The focus of the work is on: (a)enhancing the heat transfer from heat exchanger side by using extended surfaces(fins), and (b)PCM side by using additives. Air was used as heat transfer fluid as such a fluid can be used for air circulation. Both modelling and experimental work was carried out on the PCM based heat exchanger.
The modelling results show that the heat transfer coefficient can be significantly improved by the presence of fins with the charging and discharging durations reduced by ~ 85% and 74% respectively. The modelling results revealed that the use of fins in airside is more efficient than that in PCM side. In the absence of the fins in the PCM side, the same level of enhancement of heat transfer can be achieved by increasing thermal conductivity of the model PCM by 4-5 times. The modelling results were validated by experimental data. Based on the experimentally validated modelling results, an air-conditioning system consisting of a PCM heat exchanger was designed, constructed and tested in the lab. The results show that, for both charging and discharging processes, the heat transfer performance of the system is significantly improved with fins used in both air and PCM sides, leading to the increased thermal comfort, decreased outlet temperature fluctuation, an excellent heat transfer rate, a large energy storage capacity and a long working time.

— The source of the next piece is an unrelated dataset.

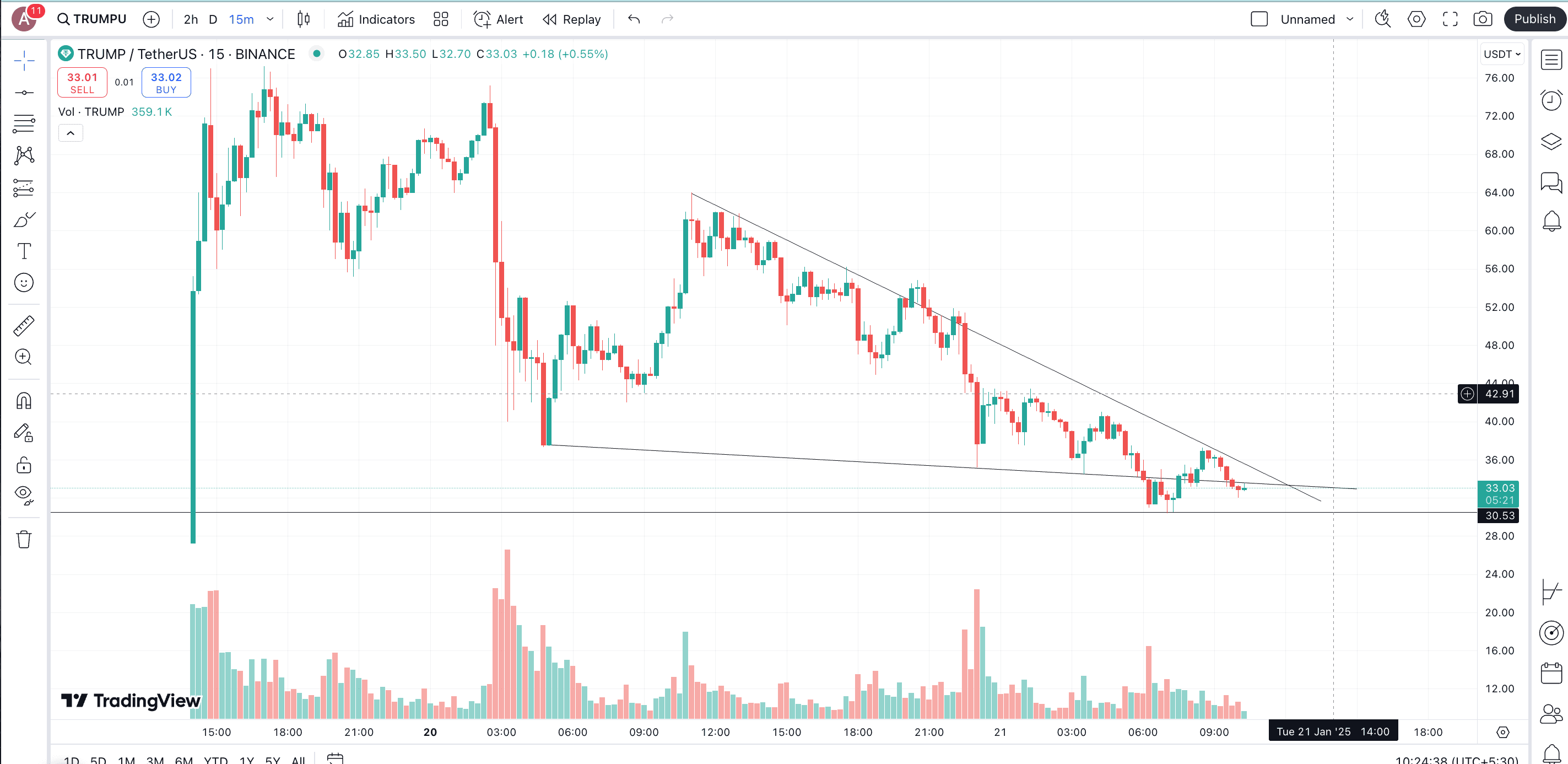 $TRUMP Coin muncul hanya beberapa hari sebelum pelantikan Presiden terpilih Donald Trump. Koin ini memulai debutnya dengan harga sekitar US$10 per token. Tak lama setelah rilis, meme coin ini mengalami lonjakan substansial, mencapai level tertinggi sepanjang masa sekitar US$72 per token.

Based on the above work, a novel compact thermal energy storage (TES) device containing a commercial PCM (RT 18 HC) was designed and experimentally investigated with an aim to improve thermal comfort and smooth cooling load of a rail air conditioning system. Two different types of fins were employed to in the TES device for the thermal performance enhancement, one is with serrated fins used in the air side and other is perforated straight fins employed in the PCM side. The time evolutions of PCM temperature during the discharging process of both in the axial and radial directions were presented. The discharging time, discharging depth, discharging power, thermal efficiency and exergy efficiency were studied as function of inlet air temperature and velocity. The results showed that hot air in the cabin could be cooled down to the desired temperature range of 16-20oC in seconds. Both the energy and exergy analyses revealed that the designed device performed excellent discharging depth, higher than 97%. The results also showed favourable air temperature around 18oC for extended period of time, a flexibility for cooling load adjustment and had an ability to smooth out the frequent fluctuations of cooling load of transport compartments.

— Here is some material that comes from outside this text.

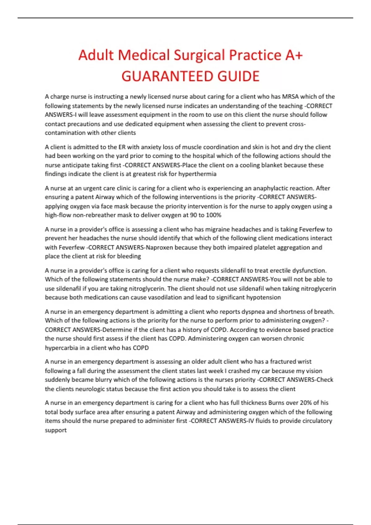 Adult Medical Surgical Practice A+ GUARANTEED GUIDE

The charging behaviour was then investigated and the effects of charging time, transient charging rate, overall thermal efficiency and exergy efficiency at different inlet air temperatures and velocities were examined. The time evolutions of PCM temperature in both the axial and radial directions were also measured. The dynamic exergy efficiency was studied for the first time to assess the optimal charging depth and charging time. The experimental results showed that the designed storage device had a flexible charging rate with the maximum rate at 1.3 kJ/s, a high thermal efficiency of 87% and an overall exergy efficiency of 70%. Decreasing the inlet air temperature or increasing the air velocity shortened the whole charging time, which varied from 50 to 174.2 mins. The analysis of the dynamic exergy efficiency showed that the maximum exergy efficiency was around 90% with the optimal charging time varying from 10 to 52 mins. The corresponding optimal charging depth increased with increasing inlet air temperature or velocity, ranging from 46% to 58% under the studied conditions.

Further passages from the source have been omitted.